What needs transcribing is the line with "Wooden seat trolley" and every line after it to the end of the records, exactly and alone, with no pictures.

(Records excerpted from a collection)
·····

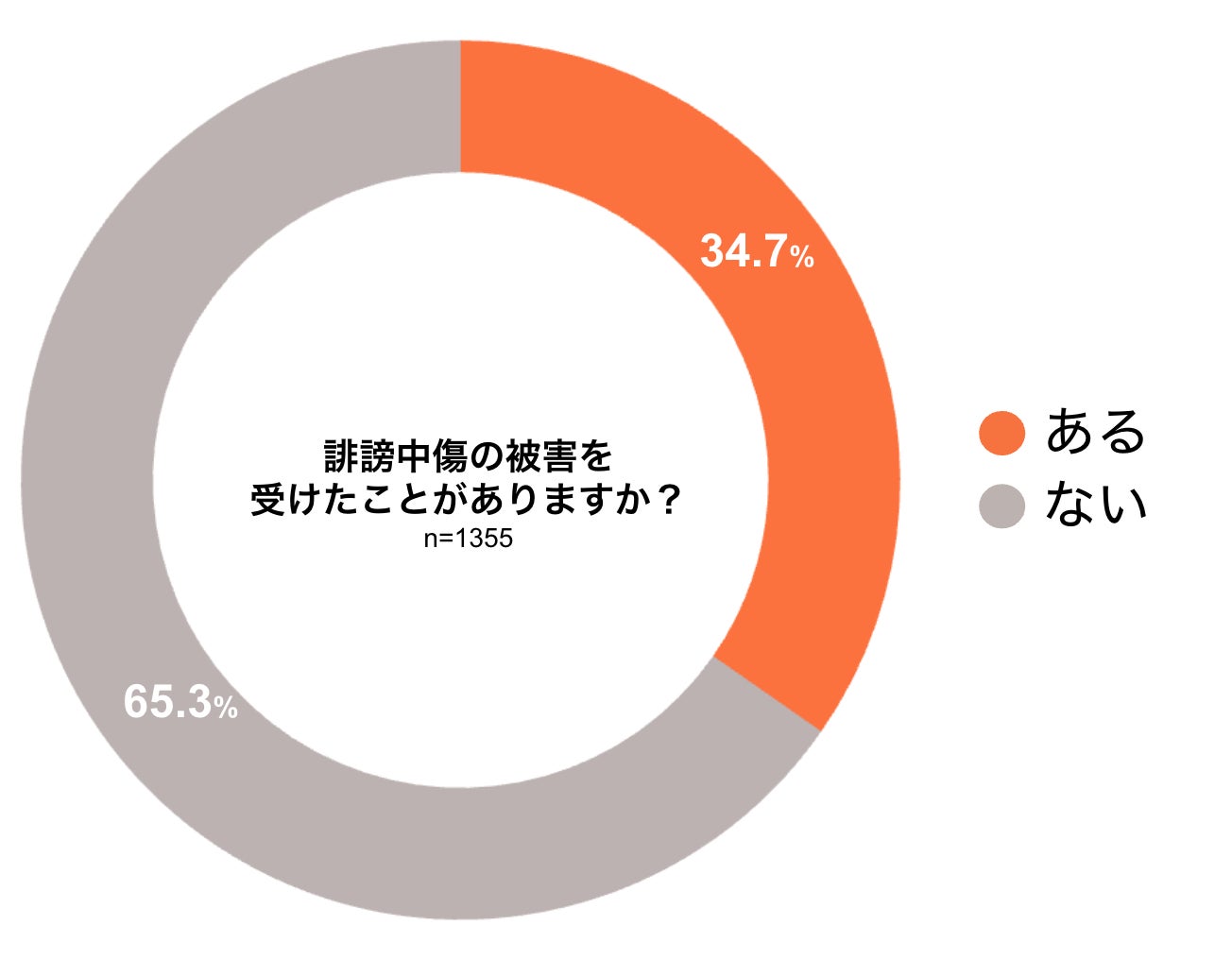 | 被害経験の有無 | 誹謗中傷されたことが「ある」は34.7% |
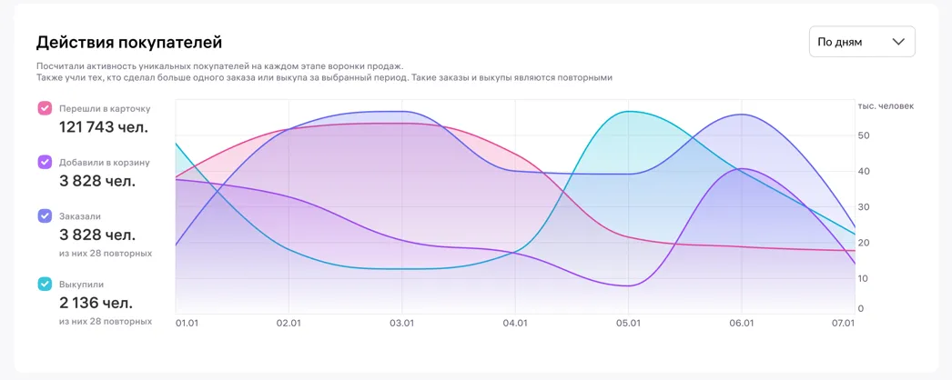 Вы узнаете, сколько человек, открывших ваши карточки, положили товары в корзину, заказали и выкупили их. Данные можно смотреть по дням, неделям и месяцам. Учитываем и повторные заказы, то есть когда один и тот же покупатель что-то заказывает в разные дни периода.
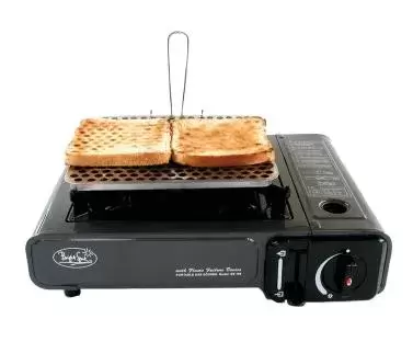 Con este simple tostador podra tostar  2 tostadas de una vez en su hornilla de gas, ademas se pliega ocupando menos espacio que un plato, ideal para caravanas y autocaravanas, funciona realmente bien.
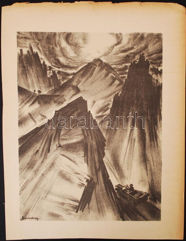 Leírás: Ruzicskay György (1896-1993): Hegyek között. Algrafia, papír, jelzett az algrafián, 24×18 cm
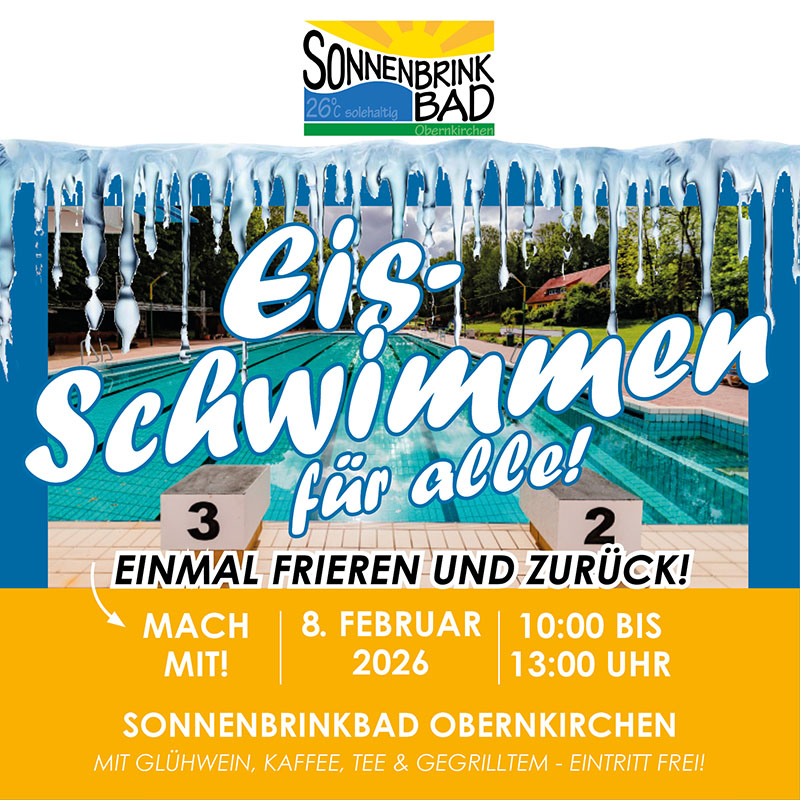 (Obernkirchen) Einmal frieren und zurück – unter diesem Motto wird am Sonntag, den 8. Februar 2026 von 10:00 bis 13:00 Uhr zum 2. Eisschwimmen ins Sonnenbrinkbad eingeladen.
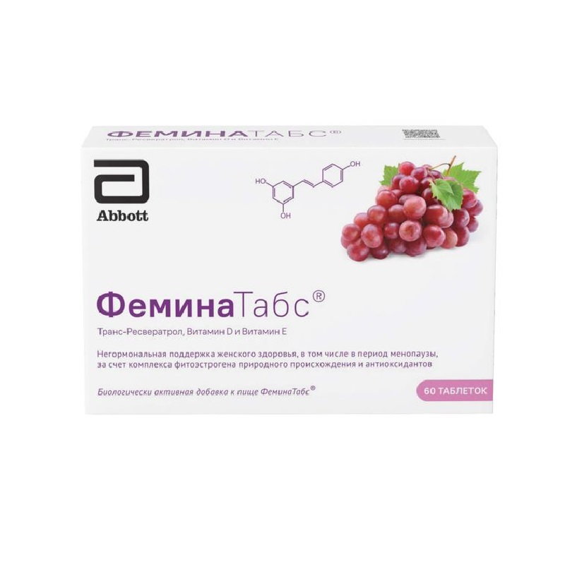 Феминатабс специально разработанная для женщин биологически активная добавка к пище, представляет собой комбинацию транс-ревератрола, витаминов E и D для негормональной поддержки женского здоровья, в том числе в период менопаузы.
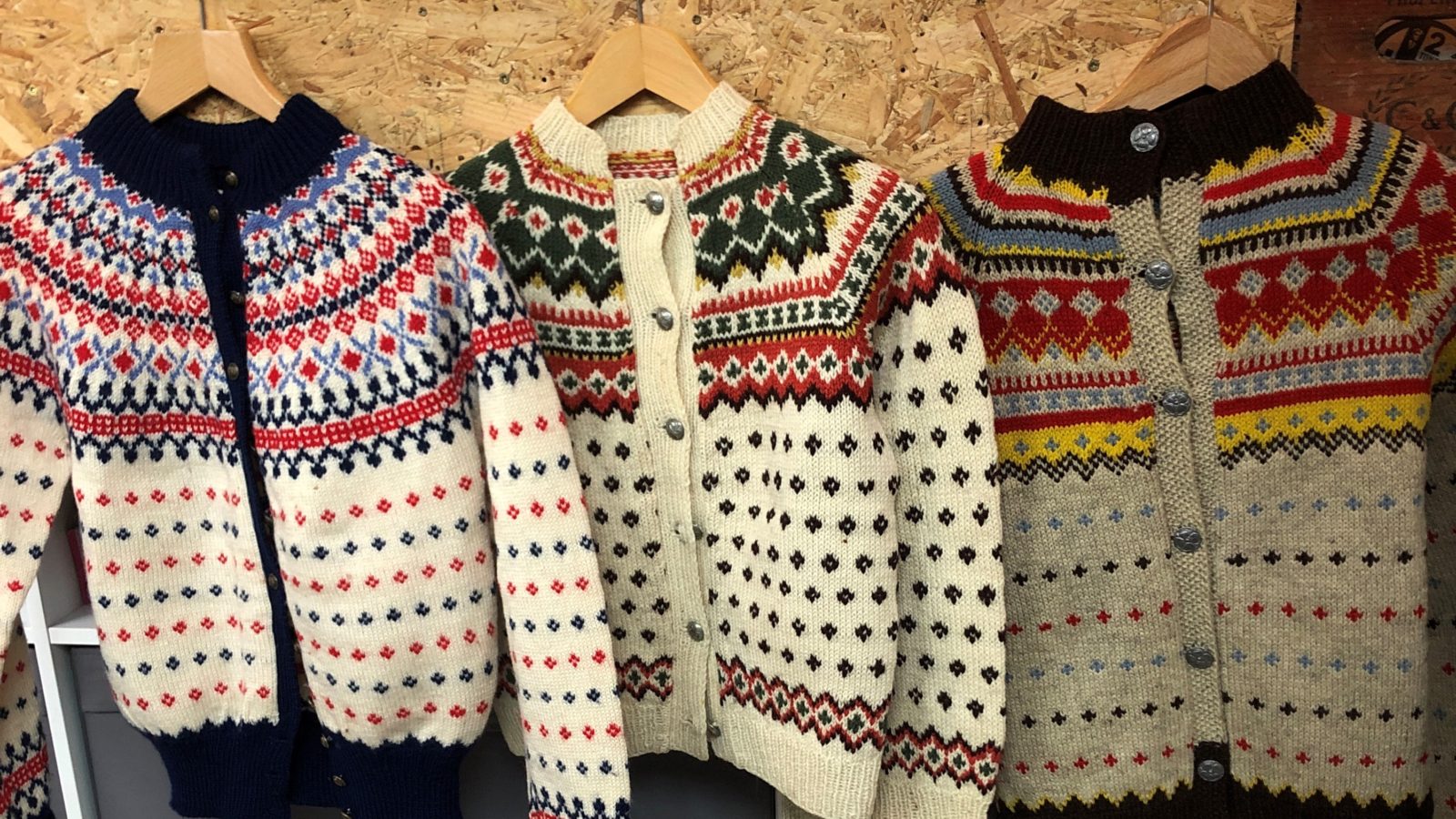 1950s Cowichan zip-up cardigan with rare lightning bolt zip (£65) and French army service trousers (£75) available at the Weft Clothing pop-up at Friendly Records in December
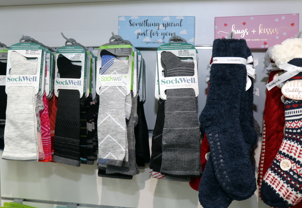 „Auch Produkte für eine Lichttherapie, für Menschen, die leicht depressiv sind und etwas für die Seele tun wollen“, so Gatawetzki-Köppchen. Wer derweil etwas für die eigenen oder die Füße seiner Liebsten tun will, der darf sich über eine große Auswahl der Firma Sockwell freuen. „Die Socken dieser Firma wurden noch einmal nachgearbeitet und sind nun noch angenehmer zu tragen. Die gehen hier auch weg wie geschnitten Brot“, schmunzelt Miriam Gatawetzki-Köppchen.
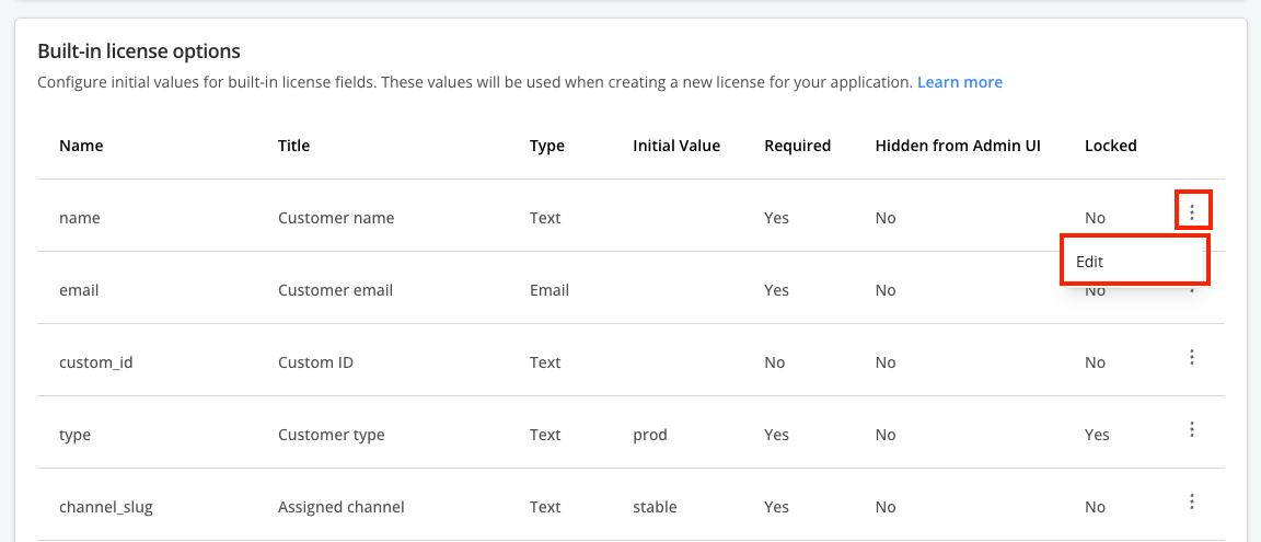 2. Under Built-in license options, open the menu for the license field where you want to set an initial value and click Edit.
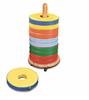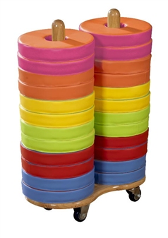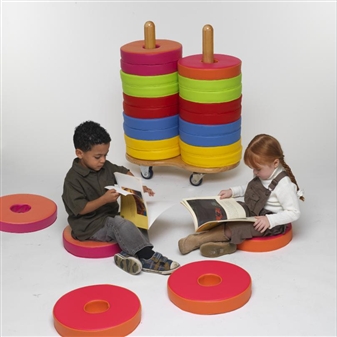 Wooden seat trolley carrying 24 bi-colour Donut Cushions. Suitable for nursery school, pre-school, play school, primary school, and early years, this wipe-clean vinyl furniture will bring added colour and space-saving convenience to any school classroom. The multi-cushion trolley carries convenient seating for group reading/teaching activities, allowing easy and mobile out-of-the-way storage when not in use. The handmade solid wood trolley is made from hardwood selected from sustainable forests, and the cushions are made from high quality, durable, wipe-clean vinyl, double stitched for strength, and the trolley and cushions meet all the relevant safety standards.
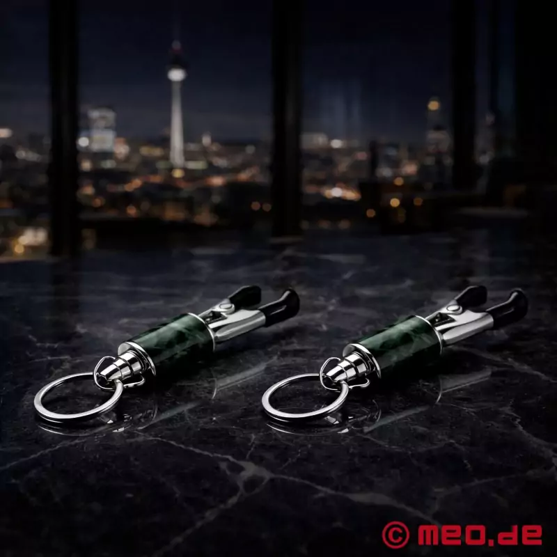 乳头夹 (rǔtóu jiā) 采用闪亮的金属、黑色夹头和绿色装饰元素,给人留下深刻印象。
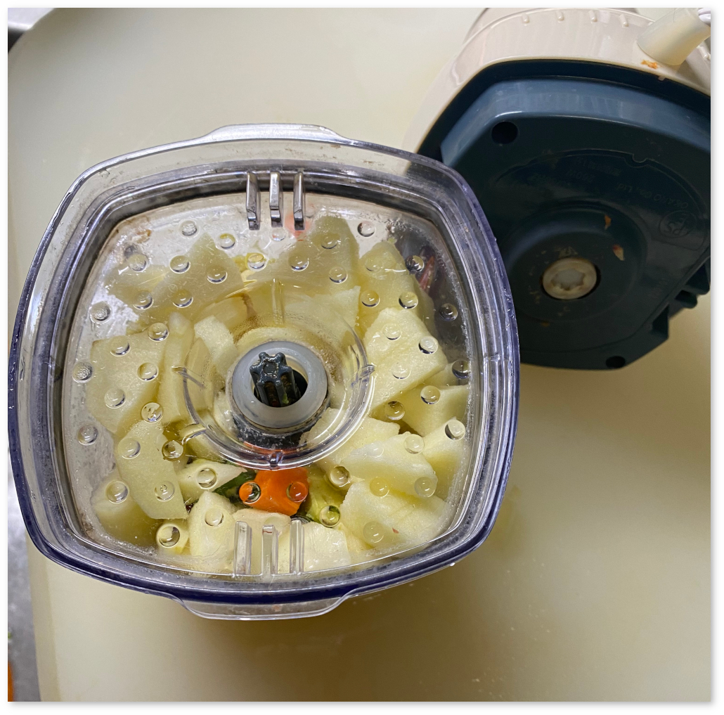 まず材料を包丁で細かく切って、容器に入れるが、多めに入れる傾向がある。写真のジューサーの軸をモーター部分に接続させないと稼働できない。ここが、なかなかはまらなくて時間がかかってしまっていて、なんとか解決法を見つけようとしていた。

·····

WRITTEN SOLUTION »
 Wooden seat trolley carrying 24 bi-colour Donut Cushions. Suitable for nursery school, pre-school, play school, primary school, and early years, this wipe-clean vinyl furniture will bring added colour and space-saving convenience to any school classroom. The multi-cushion trolley carries convenient seating for group reading/teaching activities, allowing easy and mobile out-of-the-way storage when not in use. The handmade solid wood trolley is made from hardwood selected from sustainable forests, and the cushions are made from high quality, durable, wipe-clean vinyl, double stitched for strength, and the trolley and cushions meet all the relevant safety standards.
 乳头夹 (rǔtóu jiā) 采用闪亮的金属、黑色夹头和绿色装饰元素,给人留下深刻印象。
 まず材料を包丁で細かく切って、容器に入れるが、多めに入れる傾向がある。写真のジューサーの軸をモーター部分に接続させないと稼働できない。ここが、なかなかはまらなくて時間がかかってしまっていて、なんとか解決法を見つけようとしていた。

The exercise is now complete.